▸ **Data block**
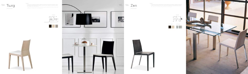 Twig chair in oak wood. Its thin back profile creates a stylish bending. Both sides of the back are
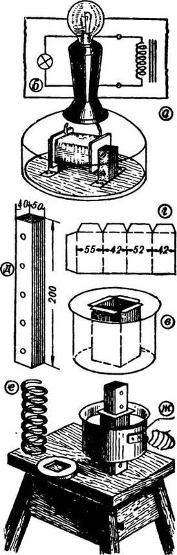 Рис. 64. Конструкция приборов: а — устройство «волшебной лампы»; б — схема включения лампы; в — конструкция кастрюли; г— выкройка внутренней стенки кастрюли; д — конструкция сердечника; е — соленоид; ж — демонстрация электроплавки (на столе, слева, лежит алюминиевое кольцо, необходимое для демонстрации действия вихревых токов).
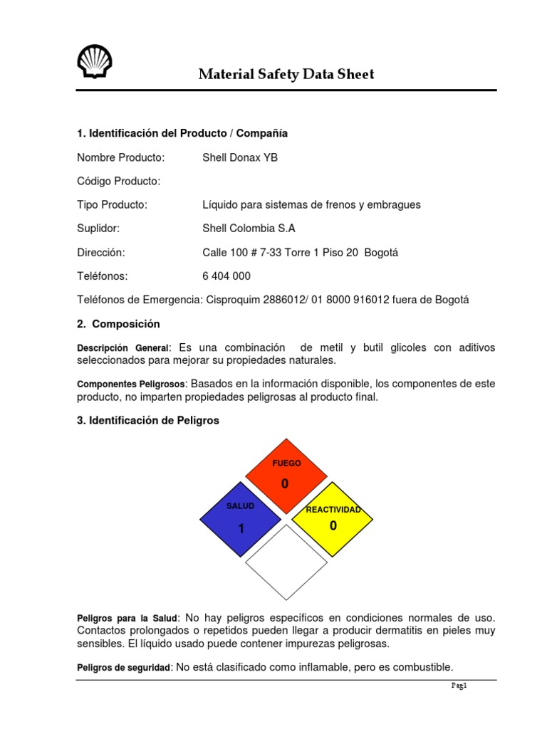 Shell Donax YB para efectos de los requerimientos de salud, seguridad, y medio ambiente. Este documento no

▸ **Exercise directions**
Give again exactly the lines running from the beginning of the material above through the line that contains "Рис. 64. Конструкция", and leave out every picture.

▸ **Task output**
 Twig chair in oak wood. Its thin back profile creates a stylish bending. Both sides of the back are
 Рис. 64. Конструкция приборов: а — устройство «волшебной лампы»; б — схема включения лампы; в — конструкция кастрюли; г— выкройка внутренней стенки кастрюли; д — конструкция сердечника; е — соленоид; ж — демонстрация электроплавки (на столе, слева, лежит алюминиевое кольцо, необходимое для демонстрации действия вихревых токов).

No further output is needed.